***** Supplied material
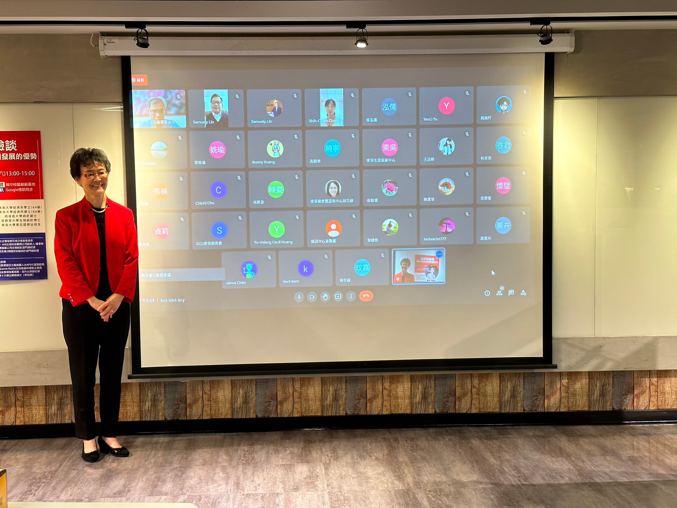 當日活動,本校潘維大校長(法律系69級)、董保城副校長(法律系65級)、王淑芳總務長(政治系76級)、姚淑文社會資源長、商學院阮金祥院長、校友總會陳惠貴理事長(財精系75級)、東吳傑英會林鵬良理事長(英文系66級)、陳調鋌學長(數學系65級)、劉忠賢學長(企管系66級);FOS東吳之友基金會董事陳鳳桃學姐(經濟系72級)、唐孝先學長(企管系73級)、陳思如學姐(政治系93級)等人以及線上參與的學生、校友們皆共襄盛舉出席或線上聆聽。潘維大校長致詞時表示,越珠學姐以一位華裔女性的身分,隻身赴美國發展著實不易,且當時美國對其他族群不友善,學姐憑藉著個人優異的表現,不僅創業成功,多年來獲獎無數,榮獲多項肯定,值得我們學習。而人在美國的東吳傑英會林鵬良理事長,也特地上線致詞,感謝學姐的在專業領域的貢獻,以及服務社區、回饋社會的愛心與努力!
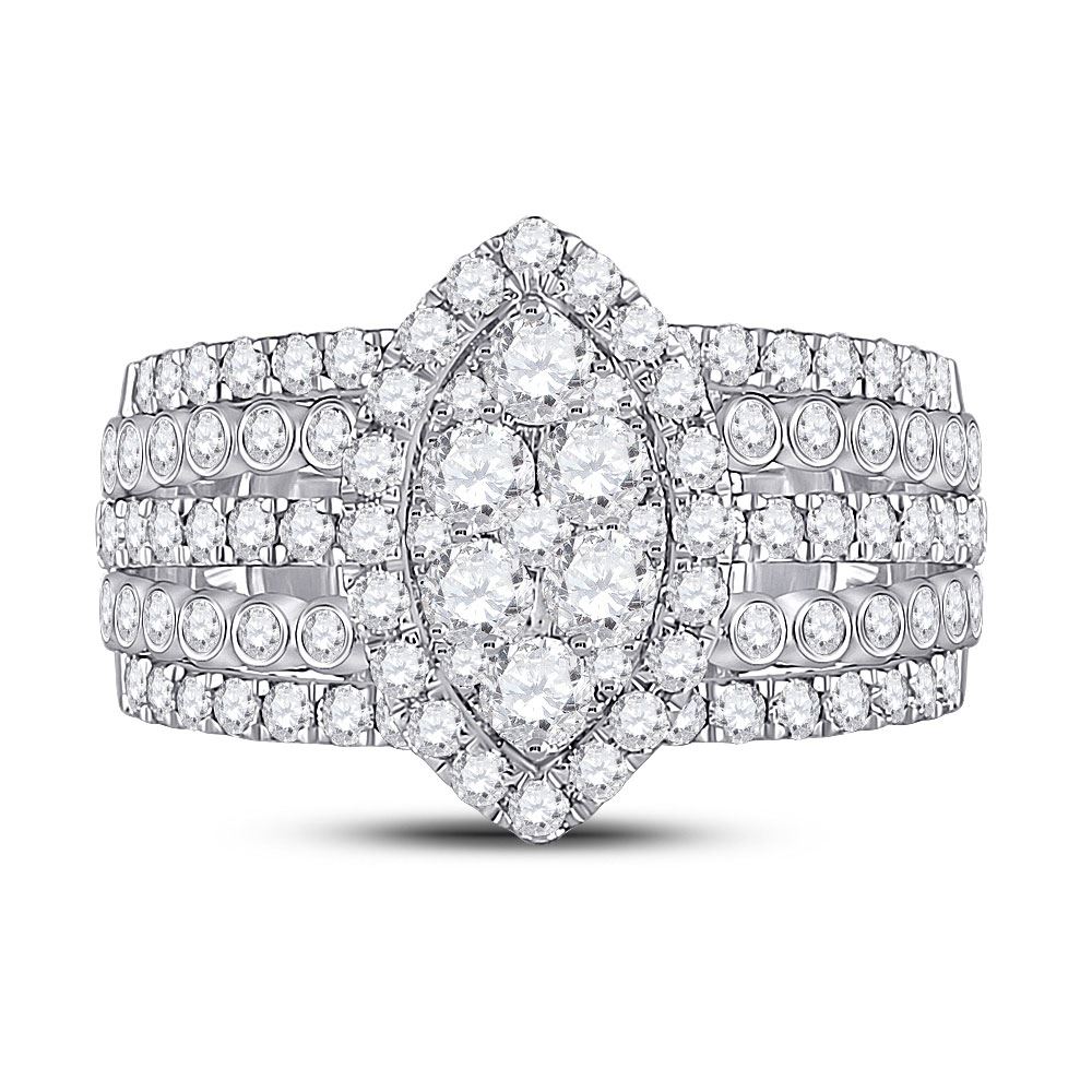 14kt White Gold Womens Round Diamond Marquise-shape Cluster Ring 1-3/4 Cttw.
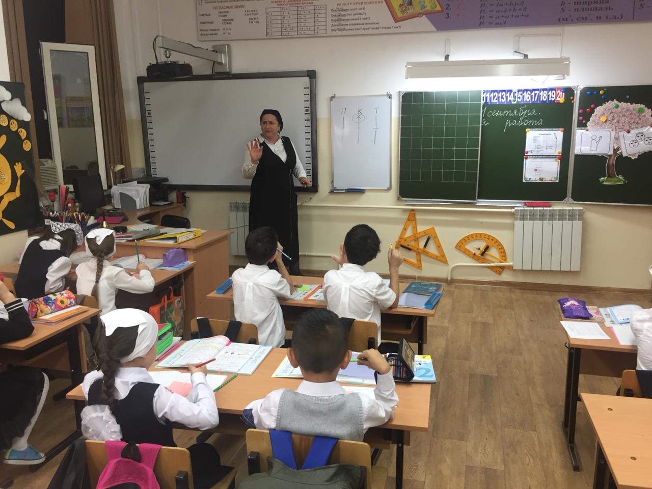 11.09.2019Сегодня учителем начальных классов Газиевой П.Ш. был проведен открытый урок с целью оказания методической помощи для молодых педагогов. Урок состоялся во 2 а классе по математике на тему "Числа 10, 100. Образование двузначных чисел". Урок был проведен с применением современных педагогических технологий, с акцентом на систему самооценивания линейками Цукермана.
**********
> Exercise
Without including any picture, reproduce the material above word for word.

> Result below
 當日活動,本校潘維大校長(法律系69級)、董保城副校長(法律系65級)、王淑芳總務長(政治系76級)、姚淑文社會資源長、商學院阮金祥院長、校友總會陳惠貴理事長(財精系75級)、東吳傑英會林鵬良理事長(英文系66級)、陳調鋌學長(數學系65級)、劉忠賢學長(企管系66級);FOS東吳之友基金會董事陳鳳桃學姐(經濟系72級)、唐孝先學長(企管系73級)、陳思如學姐(政治系93級)等人以及線上參與的學生、校友們皆共襄盛舉出席或線上聆聽。潘維大校長致詞時表示,越珠學姐以一位華裔女性的身分,隻身赴美國發展著實不易,且當時美國對其他族群不友善,學姐憑藉著個人優異的表現,不僅創業成功,多年來獲獎無數,榮獲多項肯定,值得我們學習。而人在美國的東吳傑英會林鵬良理事長,也特地上線致詞,感謝學姐的在專業領域的貢獻,以及服務社區、回饋社會的愛心與努力!
 14kt White Gold Womens Round Diamond Marquise-shape Cluster Ring 1-3/4 Cttw.
 11.09.2019Сегодня учителем начальных классов Газиевой П.Ш. был проведен открытый урок с целью оказания методической помощи для молодых педагогов. Урок состоялся во 2 а классе по математике на тему "Числа 10, 100. Образование двузначных чисел". Урок был проведен с применением современных педагогических технологий, с акцентом на систему самооценивания линейками Цукермана.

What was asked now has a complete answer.